▶ Activity
A complete answer retypes each of the records below precisely and includes none of the pictures.

▶ Record extracts
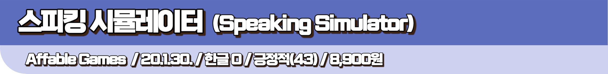 병맛 넘치는 시뮬레이터 게임, 스피킹 시뮬레이터입니다. 플레이어는 인간사회에 침투한 로봇이 되어, 입과 혀를 열심히 굴려가며 대화를 이어나가야 하는데요. 사회성 있는 인간인 척해야 하기 때문에, 어색하지 않게 미소를 짓고, 눈을 맞추거나 눈썹을 추켜올리기도 해야 합니다. 특히, 말을 하는 원리를 잘 파악하여, 횡설수설하지 않도록 주의해야 하는데요. 자칫 오류가 발생했다가는 안면이 터져버릴 수도 있기 때문입니다. 컨트롤이 꽤나 어렵기 때문에 가볍게만 즐겨보시면 좋을 것 같네요.
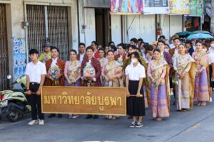 มหาวิทยาลัยบูรพาร่วมสืบสานประเพณีแห่เทียนพรรษา ประจำปี 2566 27 กรกฎาคม 202327 กรกฎาคม 2023ศิรินาฏกิจกรรม, ข่าวประชาสัมพันธ์ ผู้ปฏิบัติงานกองกลาง สำนักงานอธิการบดี มหาวิทยาลัยบูรพา เข้าร่วมประเพณีแห่เทียนพรรษา ประจำปี 2566 จัดโดย เทศบาลเมืองแสนสุขและสถานศึกษาในเขตเทศบาลเมืองแสนสุข ทั้งนี้ได้รับเกียรติจาก ผศ.ดร.เอกวิทย์ โทปุรินทร์ รองอธิการบดีฝ่ายกิจการนิสิตดร.พิมลพรรณ เลิศล้ำ ผู้ช่วยอธิการบดีฝ่ายบริหารภาพลักษณ์องค์กร และผู้รักษาการแทนหัวหน้าสำนักงานอธิการบดี มหาวิทยาลัยบูรพา พร้อมด้วย คณะผู้บริหาร บุคลากร และนิสิตมหาวิทยาลัยบูรพา ร่วมประเพณีแห่เทียนพรรษาและถวายเทียนพรรษา ประจำปี 2566 เมื่อวันพฤหัสบดีที่ 27 สิงหาคม พ.ศ. 2566 ณ วัดแจ้งเจริญดอน จังหวัดชลบุรี
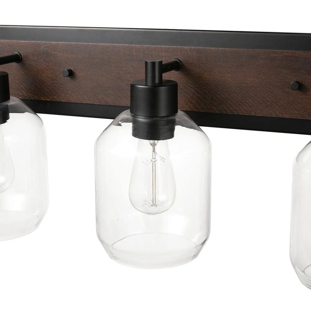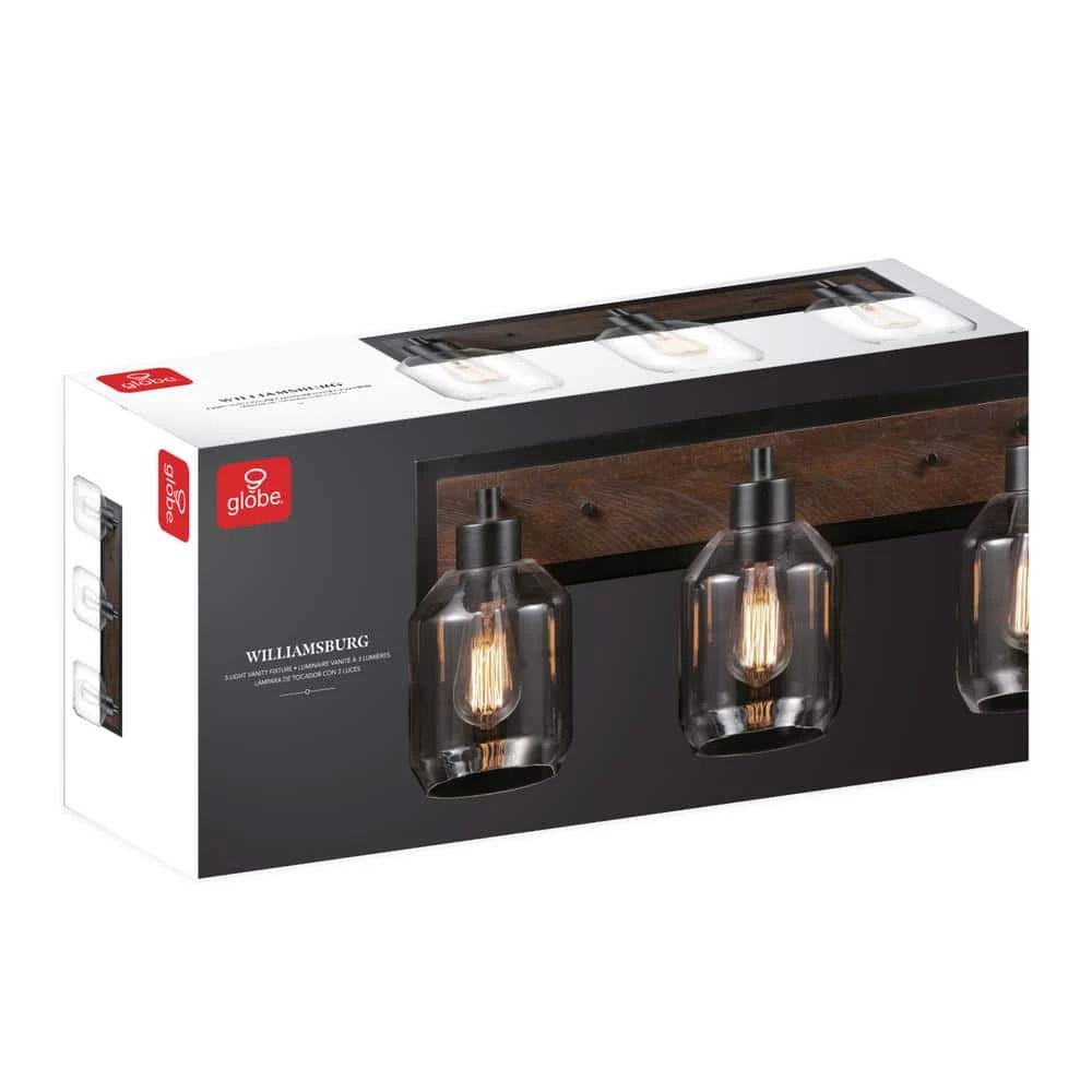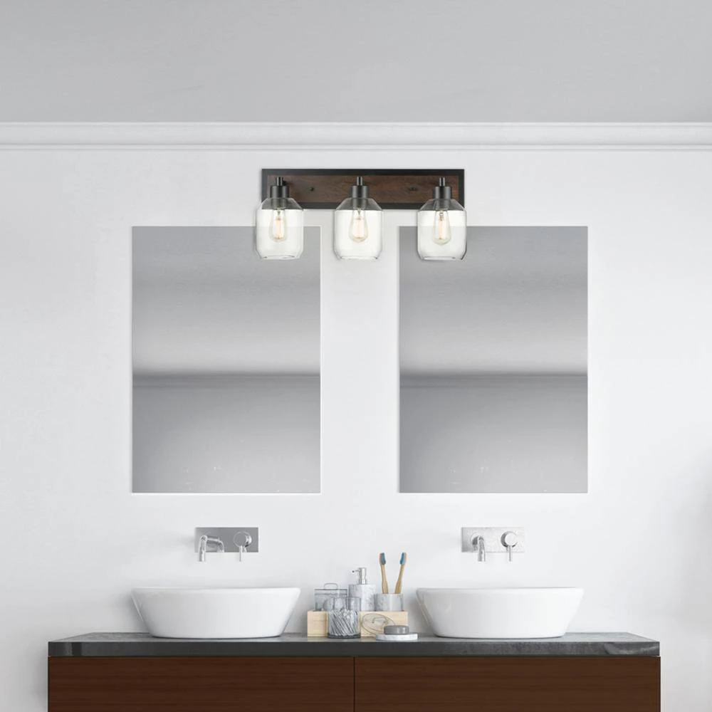 - Modern farmhouse: the warm dark faux wood finish and dark metal accents of the Williamsburg 3-light vanity light is perfect for bringing an inviting turn-of-the-century industrial yet rustic look to any area
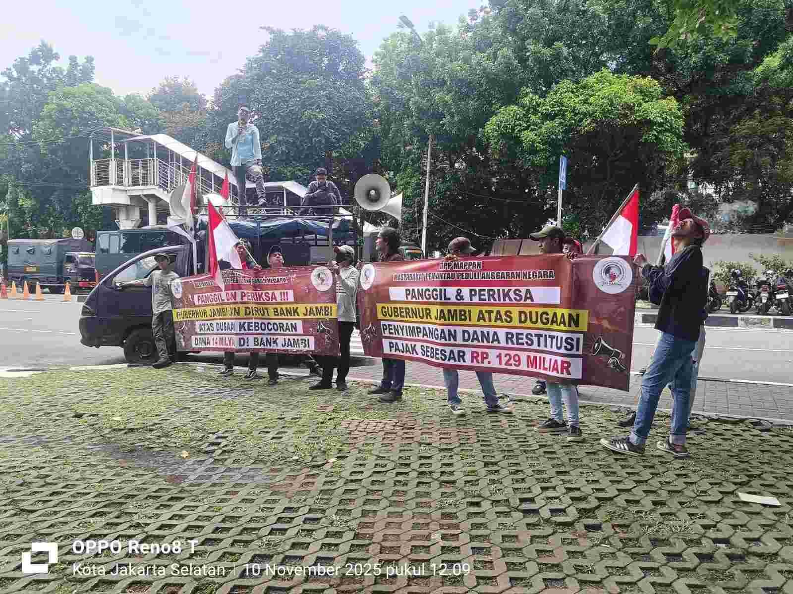 Sekretaris Jenderal DPP LSM Mappan sekaligus koordinator lapangan aksi, Hadi Prabowo, mengatakan bahwa pihaknya menerima banyak laporan masyarakat mengenai dugaan penyimpangan keuangan daerah di Jambi yang belum ditindaklanjuti oleh aparat penegak hukum.
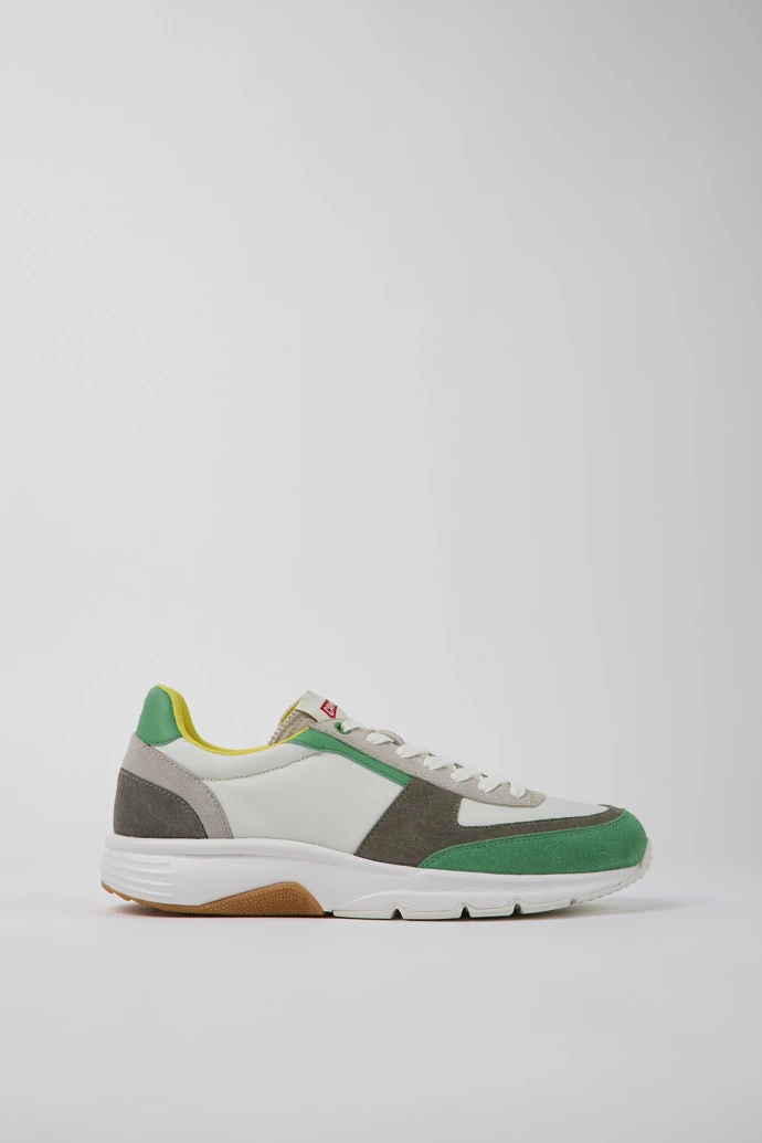 Multicolored recycled polyester and nubuck men’s sneakers with 70% EVA and 30% rubber outsoles.
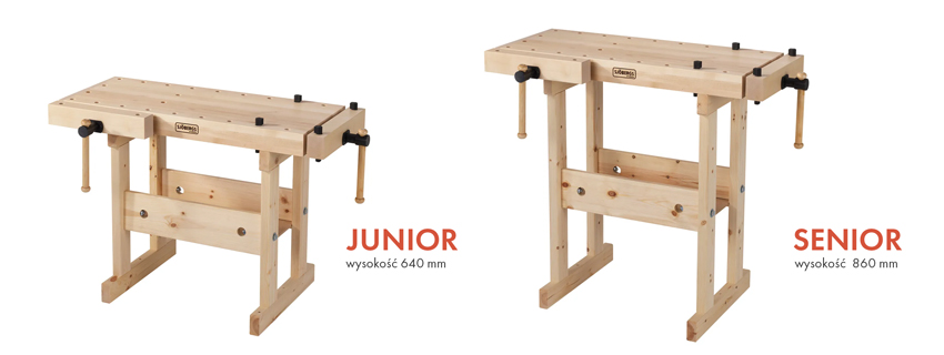 Stół JUNIOR/SENIOR stworzony został na wzór klasycznej, masywnej strugnicy stolarskiej. Zachowane zostały wszystkie najważniejsze cechy stołu stolarskiego tj. gruby blat, otwory na imaki oraz dwa masywne dociski, a wszystko to oferowane jest w kompaktowej wersji.

▶ Expected answer
 병맛 넘치는 시뮬레이터 게임, 스피킹 시뮬레이터입니다. 플레이어는 인간사회에 침투한 로봇이 되어, 입과 혀를 열심히 굴려가며 대화를 이어나가야 하는데요. 사회성 있는 인간인 척해야 하기 때문에, 어색하지 않게 미소를 짓고, 눈을 맞추거나 눈썹을 추켜올리기도 해야 합니다. 특히, 말을 하는 원리를 잘 파악하여, 횡설수설하지 않도록 주의해야 하는데요. 자칫 오류가 발생했다가는 안면이 터져버릴 수도 있기 때문입니다. 컨트롤이 꽤나 어렵기 때문에 가볍게만 즐겨보시면 좋을 것 같네요.
 มหาวิทยาลัยบูรพาร่วมสืบสานประเพณีแห่เทียนพรรษา ประจำปี 2566 27 กรกฎาคม 202327 กรกฎาคม 2023ศิรินาฏกิจกรรม, ข่าวประชาสัมพันธ์ ผู้ปฏิบัติงานกองกลาง สำนักงานอธิการบดี มหาวิทยาลัยบูรพา เข้าร่วมประเพณีแห่เทียนพรรษา ประจำปี 2566 จัดโดย เทศบาลเมืองแสนสุขและสถานศึกษาในเขตเทศบาลเมืองแสนสุข ทั้งนี้ได้รับเกียรติจาก ผศ.ดร.เอกวิทย์ โทปุรินทร์ รองอธิการบดีฝ่ายกิจการนิสิตดร.พิมลพรรณ เลิศล้ำ ผู้ช่วยอธิการบดีฝ่ายบริหารภาพลักษณ์องค์กร และผู้รักษาการแทนหัวหน้าสำนักงานอธิการบดี มหาวิทยาลัยบูรพา พร้อมด้วย คณะผู้บริหาร บุคลากร และนิสิตมหาวิทยาลัยบูรพา ร่วมประเพณีแห่เทียนพรรษาและถวายเทียนพรรษา ประจำปี 2566 เมื่อวันพฤหัสบดีที่ 27 สิงหาคม พ.ศ. 2566 ณ วัดแจ้งเจริญดอน จังหวัดชลบุรี
 - Modern farmhouse: the warm dark faux wood finish and dark metal accents of the Williamsburg 3-light vanity light is perfect for bringing an inviting turn-of-the-century industrial yet rustic look to any area
 Sekretaris Jenderal DPP LSM Mappan sekaligus koordinator lapangan aksi, Hadi Prabowo, mengatakan bahwa pihaknya menerima banyak laporan masyarakat mengenai dugaan penyimpangan keuangan daerah di Jambi yang belum ditindaklanjuti oleh aparat penegak hukum.
 Multicolored recycled polyester and nubuck men’s sneakers with 70% EVA and 30% rubber outsoles.
 Stół JUNIOR/SENIOR stworzony został na wzór klasycznej, masywnej strugnicy stolarskiej. Zachowane zostały wszystkie najważniejsze cechy stołu stolarskiego tj. gruby blat, otwory na imaki oraz dwa masywne dociski, a wszystko to oferowane jest w kompaktowej wersji.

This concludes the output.